Pyotr Ilyich Tchaikovsky watched the premier of his ballet “The Nutcracker”, on December 18th, 1892, at the Mariinksky Theatre in Saint Petersburg, Russia. His usual work was with orchestral pieces and operas and this would only be the third ballet he had written the music for. The previous two were “Swan Lake” and “The Sleeping Beauty”. Sheesh!!
There were a number of problems plaguing the performance that December night and Tchaikovsky was never to see any of them resolved because he would be dead within 11 months. Some say he committed suicide by intentionally catching cholera. That would be a pretty hard way to go, but he was Russian, and it was the 1890s, so who knows.
The ballet was based on a story that E. T. A. Hoffman had written in 1816 called “The Nutcracker and the Mouse King”. It was a long-winded and complicated story on its own but the writer Alexandre Dumas (the guy who wrote “The Three Musketeers” and “The Count Of Monte Cristo”) was able to write a somewhat neater version of it in 1844 and that was what the ballet was based on. Ever read the book “The Count of Monte Cristo”? It’s not what you might call an A-to-B script, so that Hoffman version of “The Nutcracker” must have been pretty wobbly.
Ivan Vsevolozhsky was the chap in charge of the Imperial Theatres in Saint Petersburg at that time, and it was he who had brought Tchaikovsky’s “The Sleeping Beauty” ballet to the stage of the Mariinsky Theatre two years earlier. He loved working with Tchaikovsky’s music and with the choreographer Marius Petipa and arranged that the two of them would work together again on “The Nutcracker” as they had done for the previous ballet.
Ivan had come up with the idea of hosting evenings at the theatre featuring both an opera and a ballet, and this night, December 18, 1892, was an all-Tchaikovsky double-header starting off with the premier of his one-act lyrical opera “Iolanta”, which typically lasts for about 2 hours. THEN they brought out “The Nutcracker”. The intermission for the ballet was around midnight!
Tchaikovsky was no idiot. He had already mashed together 8 of the major musical theme pieces from this new work into a 20-minute version that he called “The Nutcracker Suite” and had tested it with audiences 9 months earlier to see if they liked it. They absolutely did and the music became instantly popular, so he knew he had a hit on his hands. But the audience from that opening night at the Mariinsky, panned the ballet.
PANNED it!
The dancers were criticized as insipid or amateurish (one was even fat-shamed!), and the fight scenes were viewed as confusing. No one seemed to like the fact that so many of the dancers were children and people got lost once the setting for the first half was replaced by the setting of a make-believe world for the second half, after the intermission.
Also, at that time, the ballet finished up with bees dancing around a hive which might have been a push too far. Eventually that bit got dropped.

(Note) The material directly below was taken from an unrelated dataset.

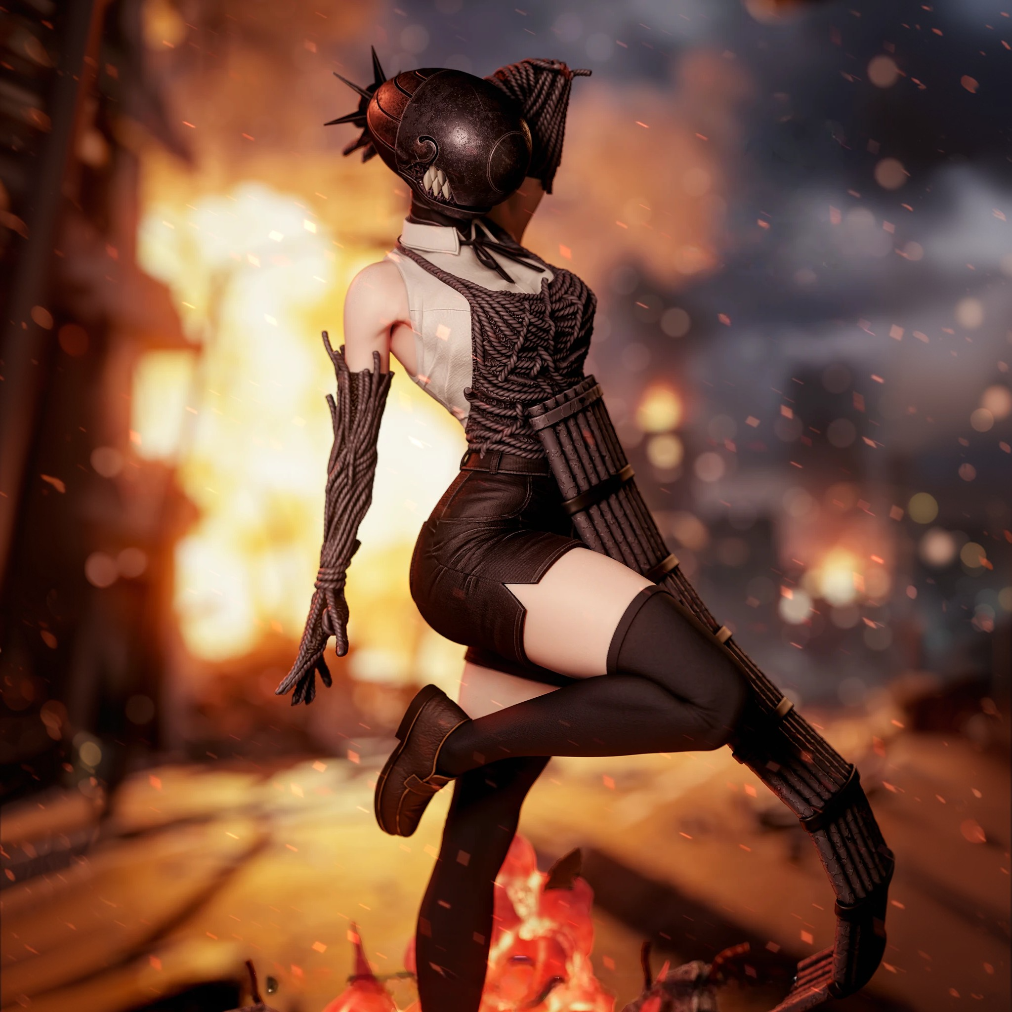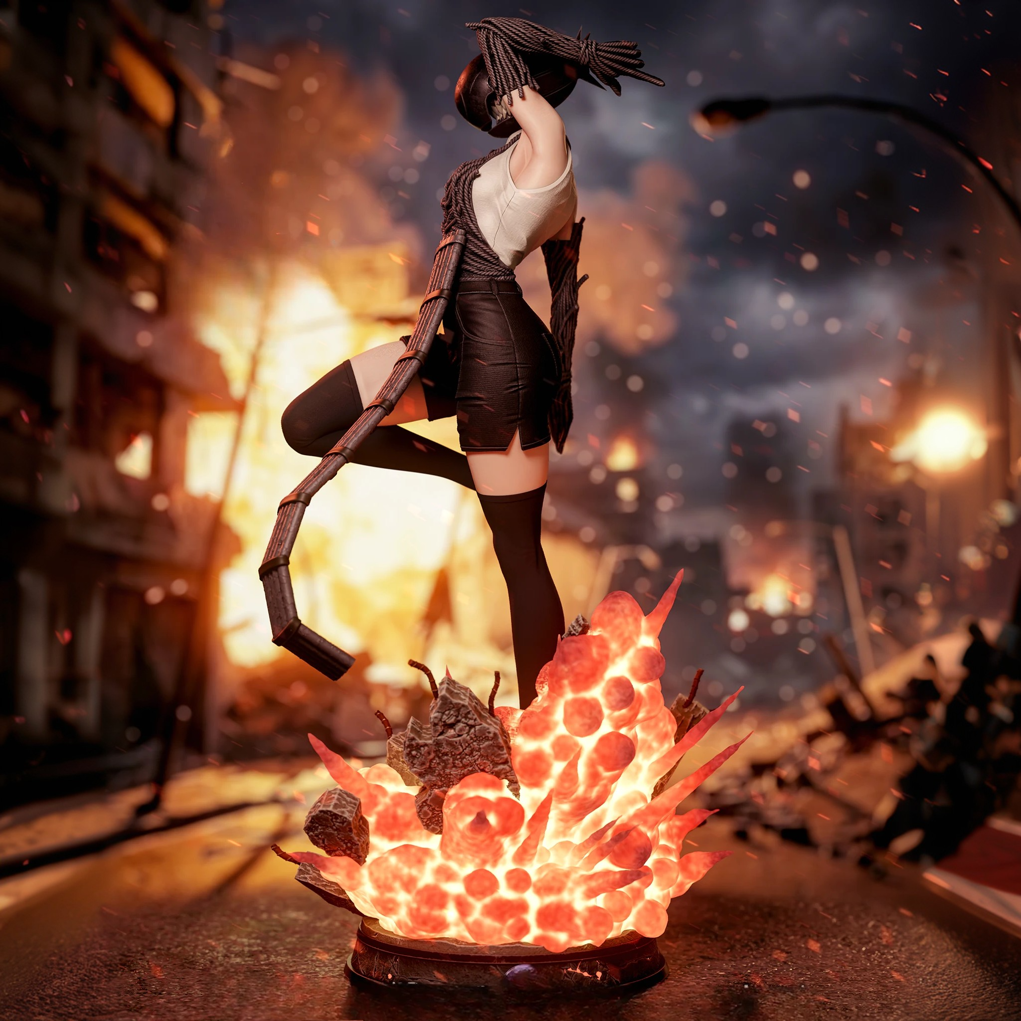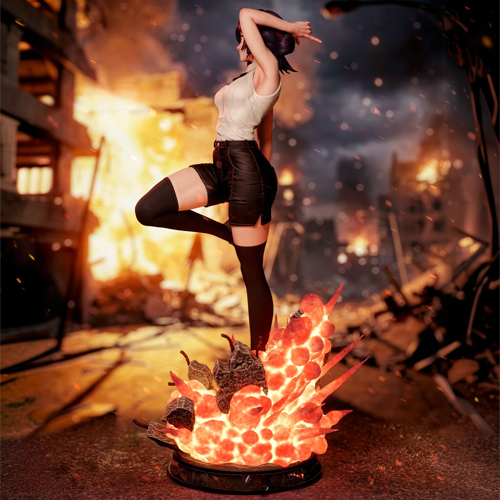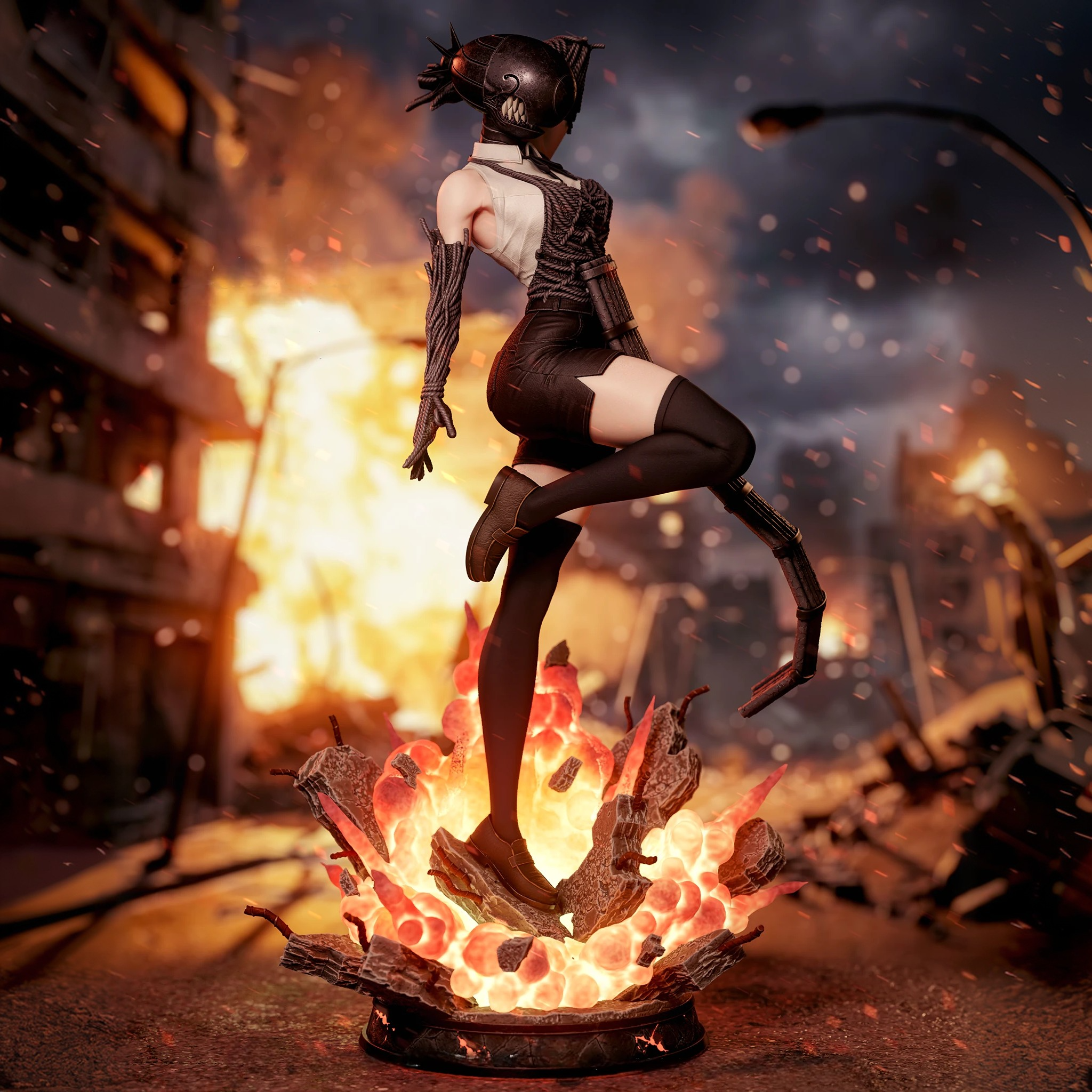 Фигура Reze в демонической форме из Chainsaw Man передаёт её как живое взрывное оружие — красивое, опасное и совершенно не предсказуемое. В этой версии она уже не кажется просто загадочной девушкой: перед нами Бомб‑девушка, чья мягкость оборачивается разрушением в одно мгновение. Её образ строится на контрасте между соблазнительной пластикой и агрессивной силой: резкие линии, динамичная поза и ощущение готового взрыва в каждом жесте делают фигурку максимально напряжённой и эффектной. Динамика тела, хищный взгляд и элементы, отсылающие к взрывам, передают не только силу Reze, но и ту опасную грацию, с которой она вступает в бой. Эта фигурка фиксирует момент, когда Reze уже раскрыла свою истинную природу, но ещё не выпустила весь хаос наружу. В коллекции она станет символом двойственности: нежность, скрывающая катастрофу, и красота, за которой всегда следует удар.

These weren’t completely unfounded criticisms. Marius, the choreographer, had become ill during rehearsals and needed to step away from the production. It was then taken over by his assistant, who had a very different style. The ballet just wasn’t ready by opening night and it must have showed.
Tchaikovsky himself thought little of the performance and described the audience as being bored by the ballet. He was a tough self-critic at the best of times and would have never imagined that his Nutcracker ballet, once the choreography was reworked by the ballet master George Balanchine for The New York City Ballet company in 1954, would become the monster hit it is with us 131 years later.
Each year during the Holiday Season, thousands of productions of “The Nutcracker Ballet” are performed all over the world. A huge percentage of children have their first exposure to professional dance through this very ballet. Many of today’s ballet dancers will say that watching “The Nutcracker” performed live was their motivation to become a dancer themselves.
It is the music of this ballet that sets the stage for the dancers to soar and to move with unimaginable grace throughout the performance. Tchaikovsky’s music transcends the ordinary and makes an army of fighting mice, the delicacy of faeries, and even the marching of tin soldiers, feel real. If you can sit through a production of this ballet and still not be swept up in the story and the music and the dancing, then your ticket has clearly been wasted.
For myself, I have many memories of the anticipation that came along with clutching a ticket in my hand for this very special ballet. Of shuffling along the row of seats and settling into my spot. Of drinking in the wonder and possibility that a beautifully appointed old concert theatre holds, while waiting impatiently for the moment when the lights in the hall would dim and the shuffling of the orchestra would still.
And then, the very music that Tchaikovsky wrote by way of introduction to the enchanting story about to be told, would start to gently cast its spell while the audience held its breath and the familiar tune of the “Miniature Overture” would start to skip around the hall in such a way as to suggest that we absolutely SHOULD expect toys to come to life and that there would be good ones and bad ones and that maybe if we could pay close enough attention, we would be able to see that the magic of our dreams was about to be released.